9 N.H. 285 | Superior Court of New Hampshire | 1838
Crawford, the promisee, agreed with Johnson & Co. that they should have the proceeds of the note, and to insure it to them, he endorsed it. The note was not purchased by Johnson & Co. Crawford’s note to them was not given up in consequence of his endorsing the Smith note. Johnson & Co. may, therefore, be deemed mere trustees of Crawford, to collect the note, and apply the proceeds to the payment of their note against Crawford.
But Crawford put an end to their interest by paying his note, after this suit was commenced.

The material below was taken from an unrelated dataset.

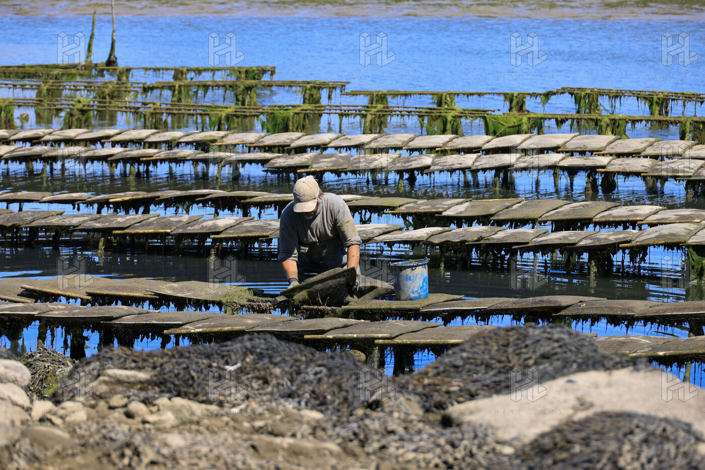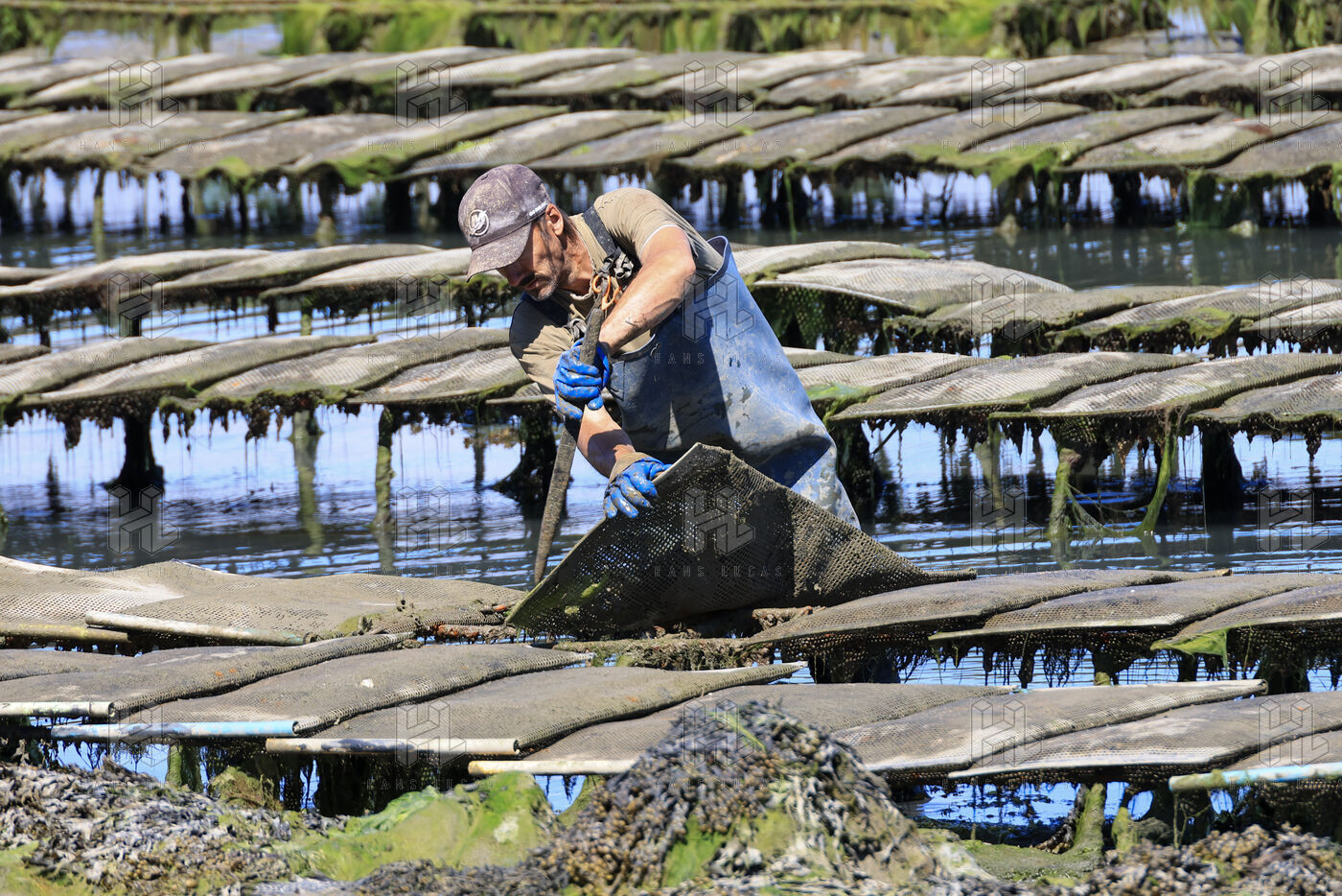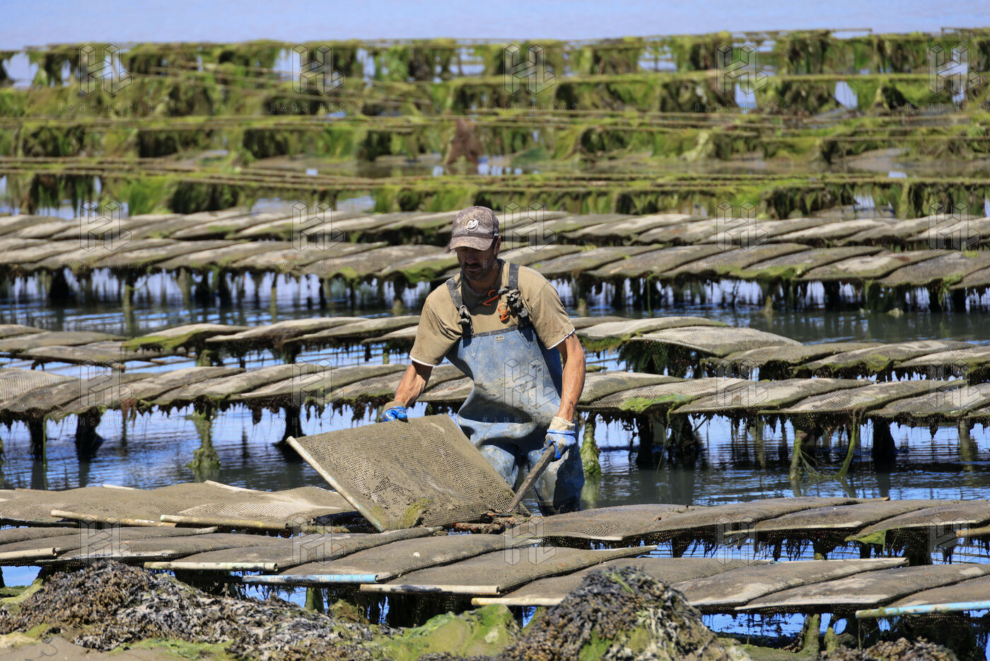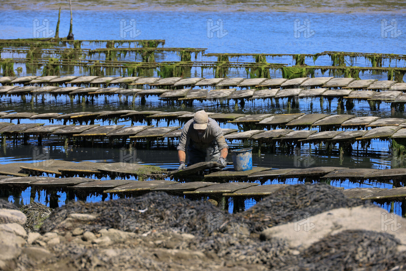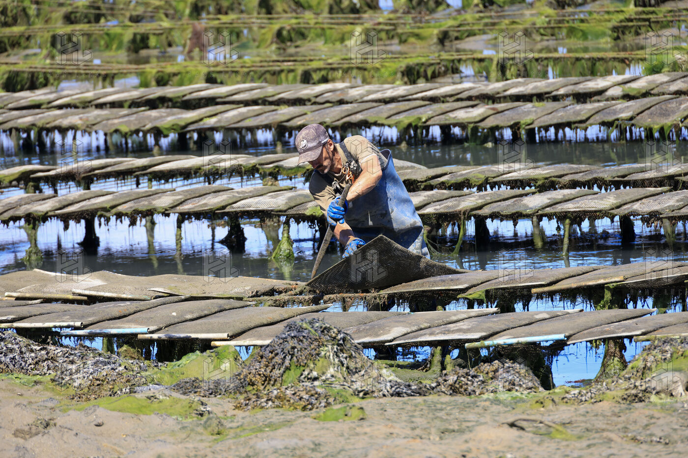 Un ostreiculteur tourne les sacs d huitres dans son parc a huitres a Saint Cado pres de Belz dans le Morbihan le 16 juillet 2025.

Crawford has always in fact been the owner of the note. Johnson & Co. had an interest in it until their note was paid, but the plaintiff has never had any interest.
The note offered by the defendant may, therefore, very properly be received in set off. 6 N. H. R. 27, Woods vs. Carlisle.
The tender to the attorney is altogether defective. The note the defendant had against Crawford could not be legally used for the purpose.
The law considers nothing in such case as a legal tender but money, and it must be unconditional. The attorney could not judge whether to receive the note.
The amount of the note held by the defendant must be allowed in set off, and judgment be rendered for the plaintiff for the balance.
Wilcox, J., having been of counsel, did not sit.